Data below ▸
····················
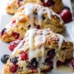 Delicious and flaky scones bursting with vibrant mixed berries, perfect for breakfast, brunch, or a delightful snack.
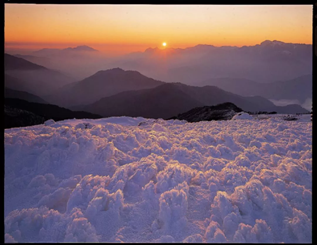 南湖大山標高三千七百四十公尺,是國內積雪量最多的高山,喜歡拍攝雪景的陳炳元,總在時序入冬之際,趕在寒流侵襲前,就備妥充足的食物、適當的雪攀設備及攝影器材上山。
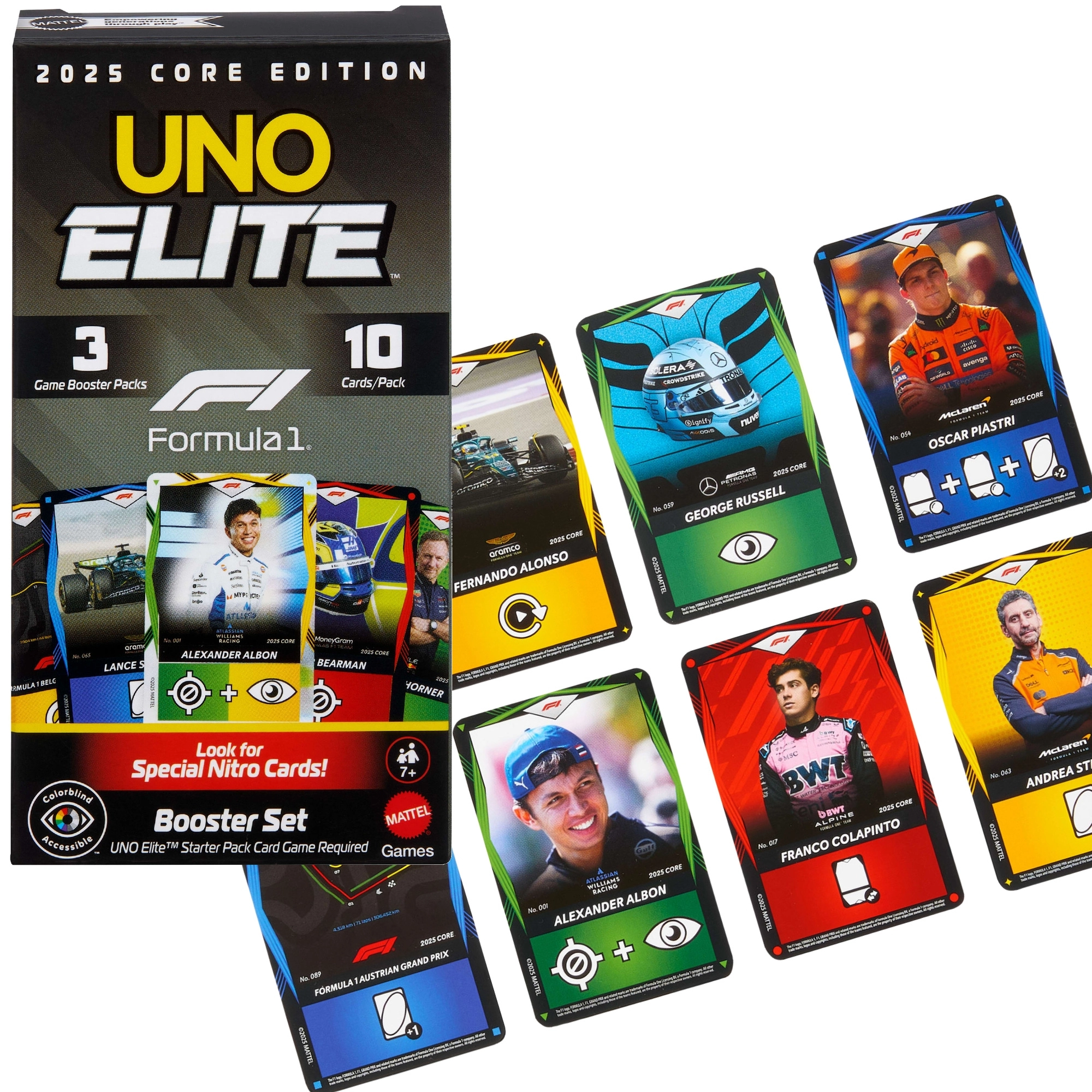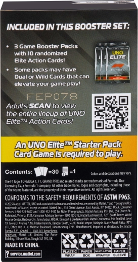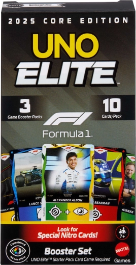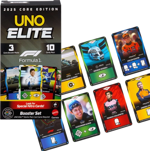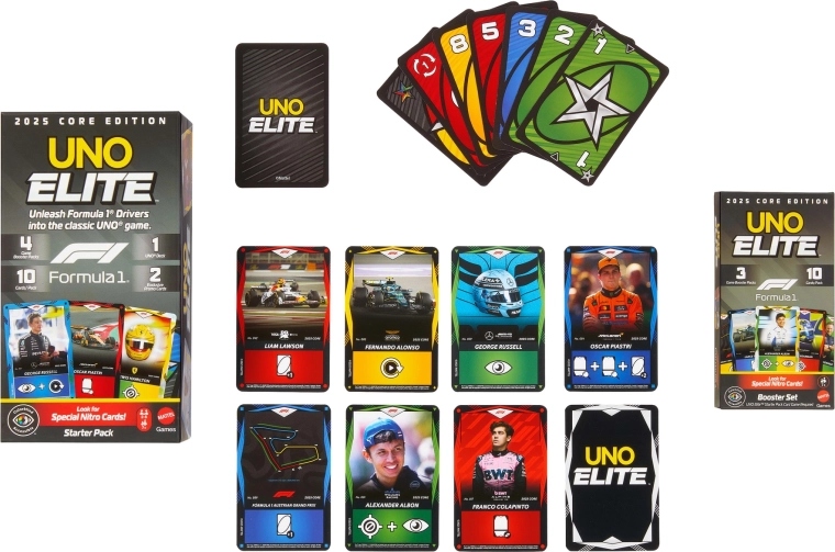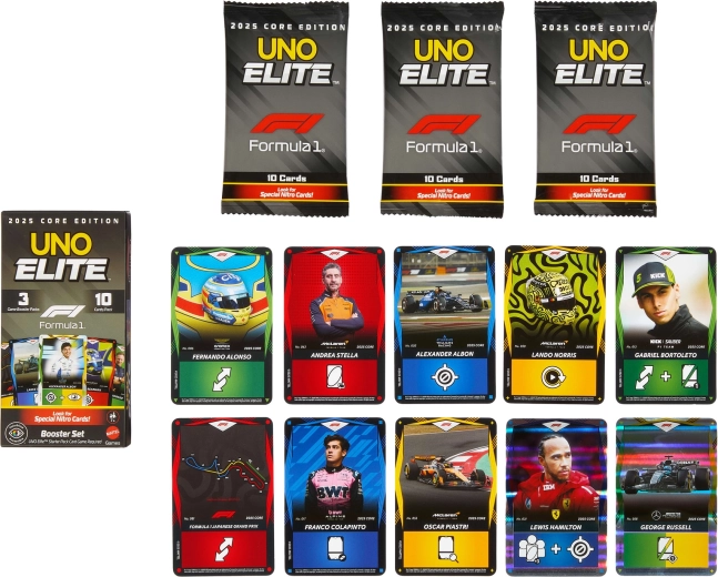 Entra nel ritmo frenetico delle gare con l’espansione UNO Elite Formula 1 2025. Ogni Booster Pack propone carte selezionate casualmente con temi di piloti F1, monoposto, caschi e circuiti. Le carte Elite speciali attivano le loro abilità quando viene giocata una carta con l’icona Elite dello stesso colore, offrendo nuove strategie e momenti avvincenti in ogni partita.
····················
Directions ▸
Only the lines from the start of the material through the line containing "南湖大山標高三千七百四十公尺" should be transcribed. Pictures stay out.

Reply ▸
 Delicious and flaky scones bursting with vibrant mixed berries, perfect for breakfast, brunch, or a delightful snack.
 南湖大山標高三千七百四十公尺,是國內積雪量最多的高山,喜歡拍攝雪景的陳炳元,總在時序入冬之際,趕在寒流侵襲前,就備妥充足的食物、適當的雪攀設備及攝影器材上山。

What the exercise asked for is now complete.